[Opening Materials provided section]

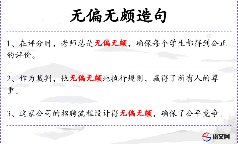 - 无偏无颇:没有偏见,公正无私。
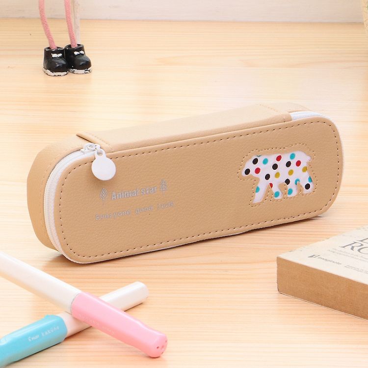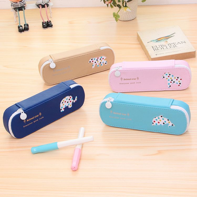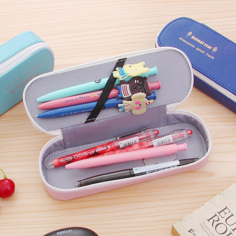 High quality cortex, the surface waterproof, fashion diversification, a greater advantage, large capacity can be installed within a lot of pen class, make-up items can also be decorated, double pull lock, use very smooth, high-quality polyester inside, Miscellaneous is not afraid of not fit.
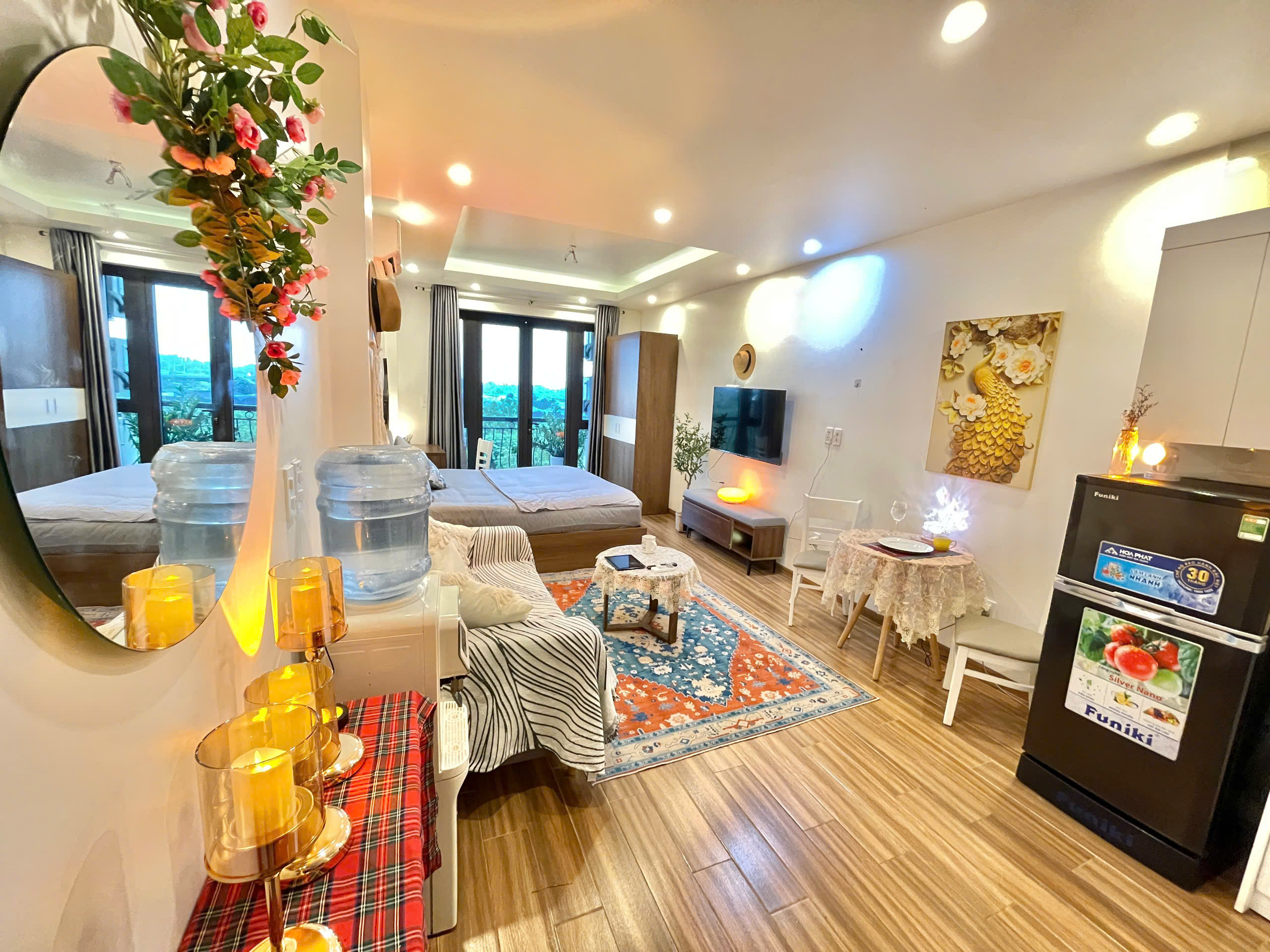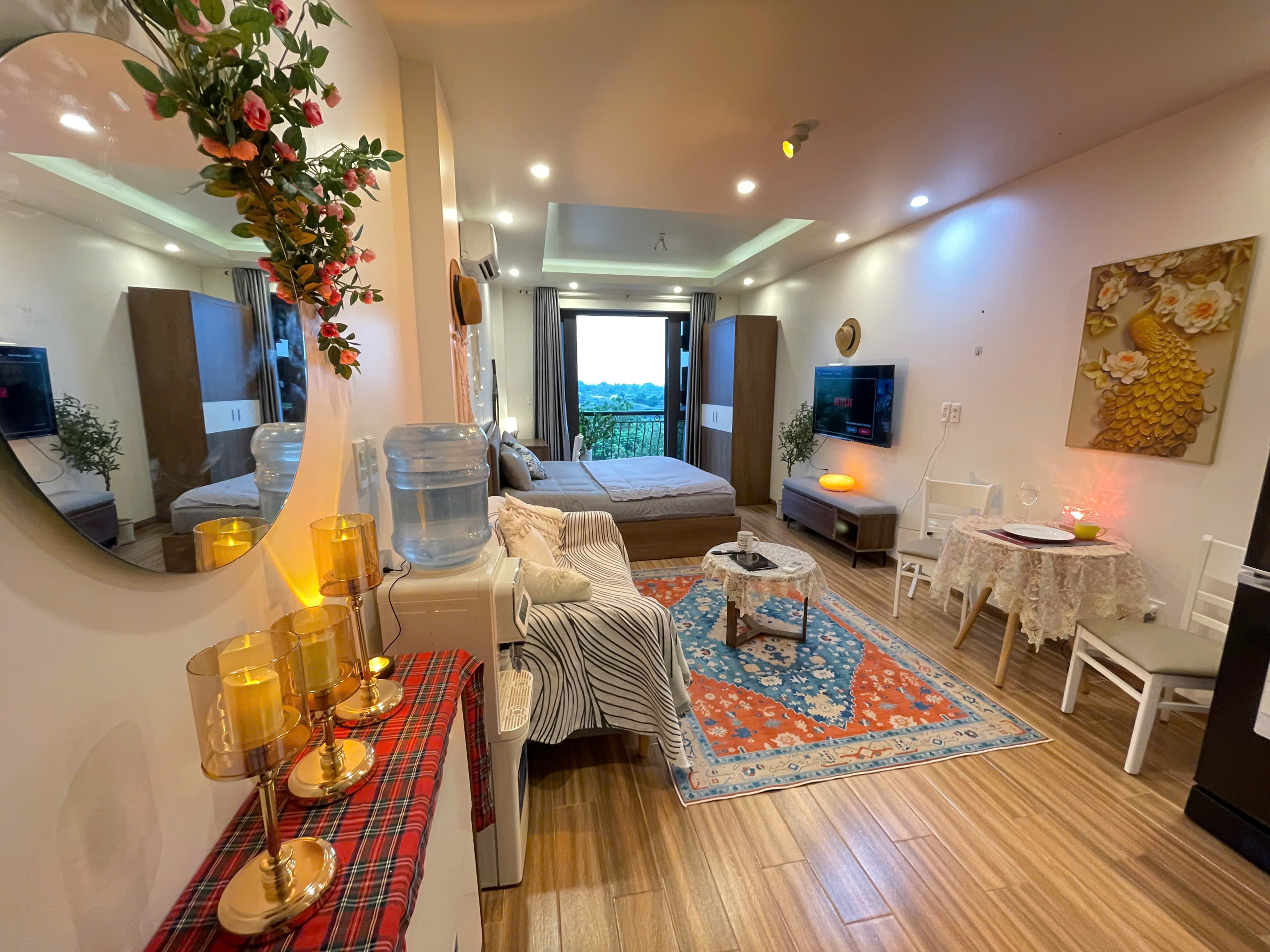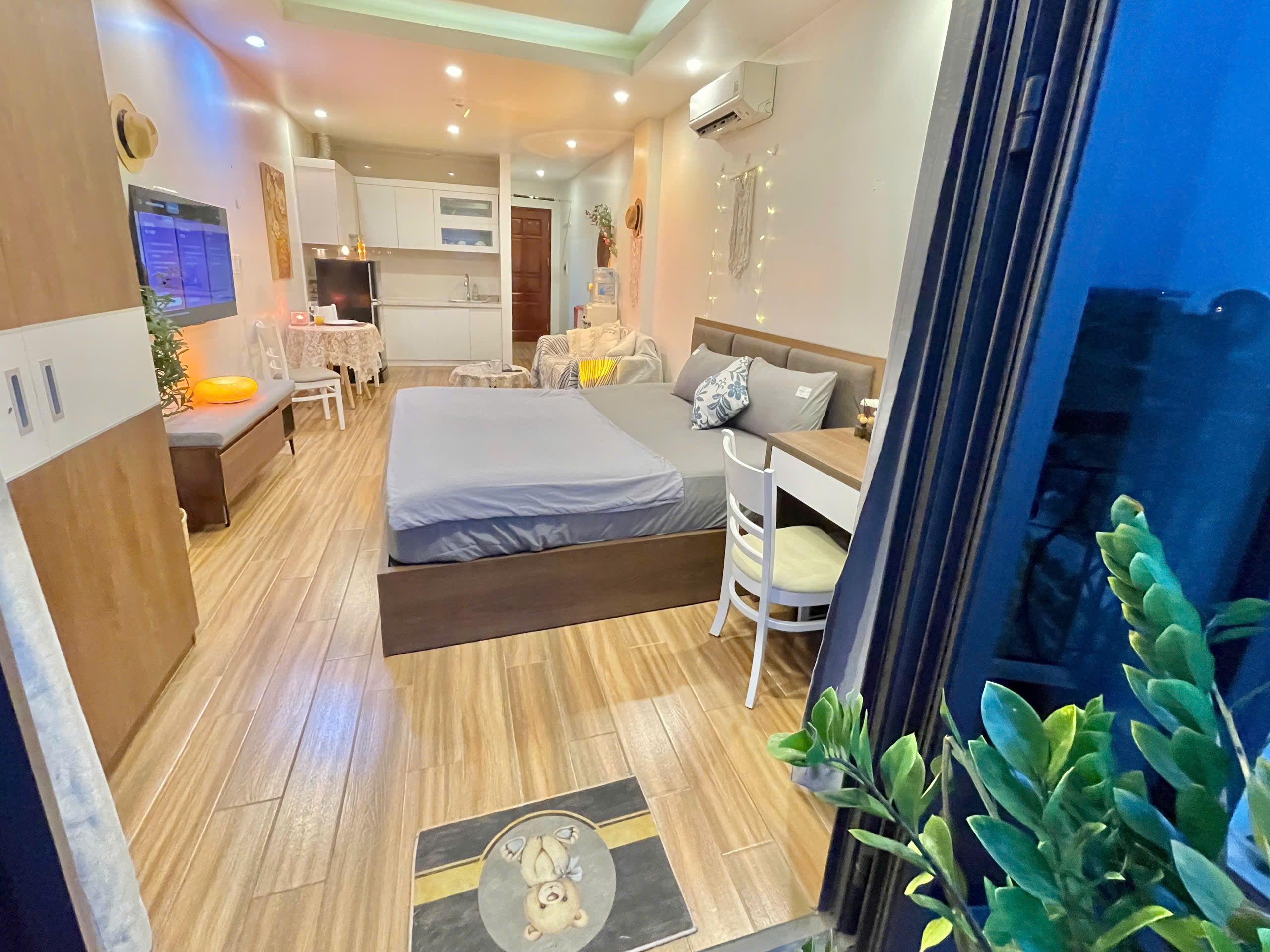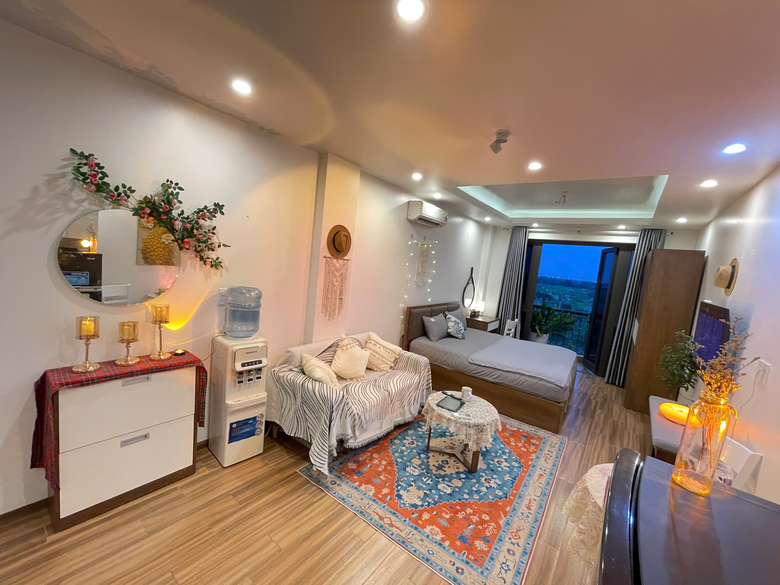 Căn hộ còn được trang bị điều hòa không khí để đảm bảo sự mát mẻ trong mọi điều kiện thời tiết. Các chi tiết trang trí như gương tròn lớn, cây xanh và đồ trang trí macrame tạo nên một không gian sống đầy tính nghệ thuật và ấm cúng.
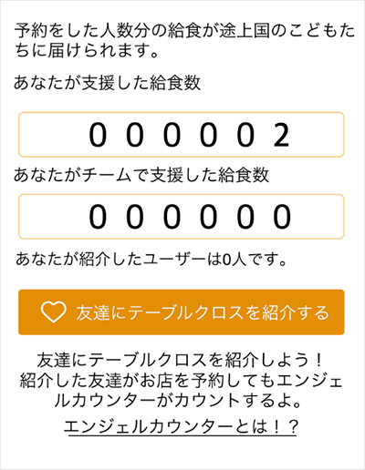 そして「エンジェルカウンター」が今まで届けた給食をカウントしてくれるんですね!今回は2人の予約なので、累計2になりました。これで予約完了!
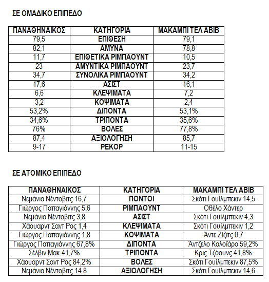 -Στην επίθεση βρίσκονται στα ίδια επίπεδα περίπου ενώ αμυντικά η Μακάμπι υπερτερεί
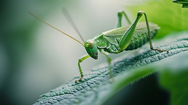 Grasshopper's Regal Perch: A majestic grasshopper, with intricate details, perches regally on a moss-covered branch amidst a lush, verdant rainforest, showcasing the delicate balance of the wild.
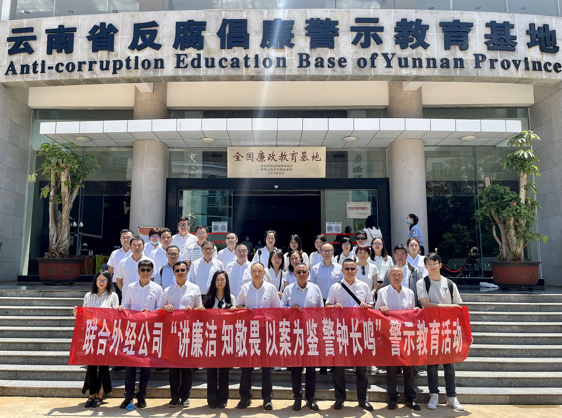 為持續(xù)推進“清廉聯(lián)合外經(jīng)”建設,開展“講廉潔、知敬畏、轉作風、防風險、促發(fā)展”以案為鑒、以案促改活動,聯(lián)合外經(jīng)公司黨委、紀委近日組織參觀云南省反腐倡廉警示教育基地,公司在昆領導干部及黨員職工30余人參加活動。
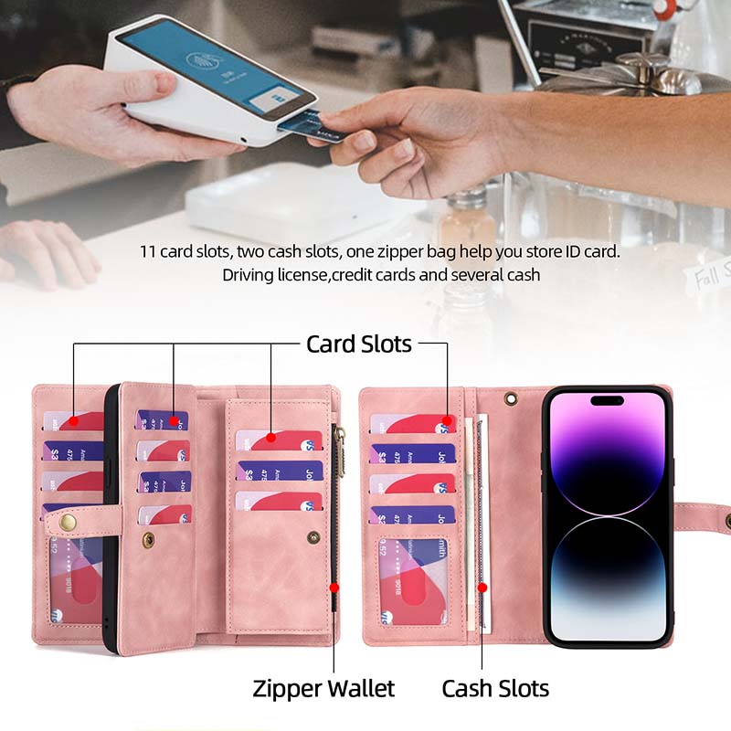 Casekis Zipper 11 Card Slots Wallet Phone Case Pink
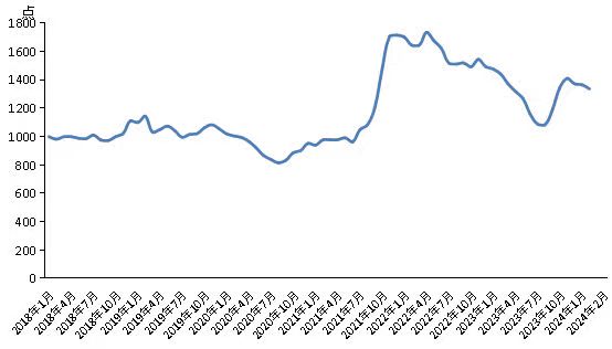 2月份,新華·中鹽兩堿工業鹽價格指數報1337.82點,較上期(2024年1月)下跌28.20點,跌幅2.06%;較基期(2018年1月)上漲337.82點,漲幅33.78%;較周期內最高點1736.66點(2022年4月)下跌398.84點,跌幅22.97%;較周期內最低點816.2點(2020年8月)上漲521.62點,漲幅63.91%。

[Closing Materials provided section]

- Exercise directions
The records must appear again word for word, though none of their pictures should.

- Solution to this task
 - 无偏无颇:没有偏见,公正无私。
 High quality cortex, the surface waterproof, fashion diversification, a greater advantage, large capacity can be installed within a lot of pen class, make-up items can also be decorated, double pull lock, use very smooth, high-quality polyester inside, Miscellaneous is not afraid of not fit.
 Căn hộ còn được trang bị điều hòa không khí để đảm bảo sự mát mẻ trong mọi điều kiện thời tiết. Các chi tiết trang trí như gương tròn lớn, cây xanh và đồ trang trí macrame tạo nên một không gian sống đầy tính nghệ thuật và ấm cúng.
 そして「エンジェルカウンター」が今まで届けた給食をカウントしてくれるんですね!今回は2人の予約なので、累計2になりました。これで予約完了!
 -Στην επίθεση βρίσκονται στα ίδια επίπεδα περίπου ενώ αμυντικά η Μακάμπι υπερτερεί
 Grasshopper's Regal Perch: A majestic grasshopper, with intricate details, perches regally on a moss-covered branch amidst a lush, verdant rainforest, showcasing the delicate balance of the wild.
 為持續(xù)推進“清廉聯(lián)合外經(jīng)”建設,開展“講廉潔、知敬畏、轉作風、防風險、促發(fā)展”以案為鑒、以案促改活動,聯(lián)合外經(jīng)公司黨委、紀委近日組織參觀云南省反腐倡廉警示教育基地,公司在昆領導干部及黨員職工30余人參加活動。
 Casekis Zipper 11 Card Slots Wallet Phone Case Pink
 2月份,新華·中鹽兩堿工業鹽價格指數報1337.82點,較上期(2024年1月)下跌28.20點,跌幅2.06%;較基期(2018年1月)上漲337.82點,漲幅33.78%;較周期內最高點1736.66點(2022年4月)下跌398.84點,跌幅22.97%;較周期內最低點816.2點(2020年8月)上漲521.62點,漲幅63.91%。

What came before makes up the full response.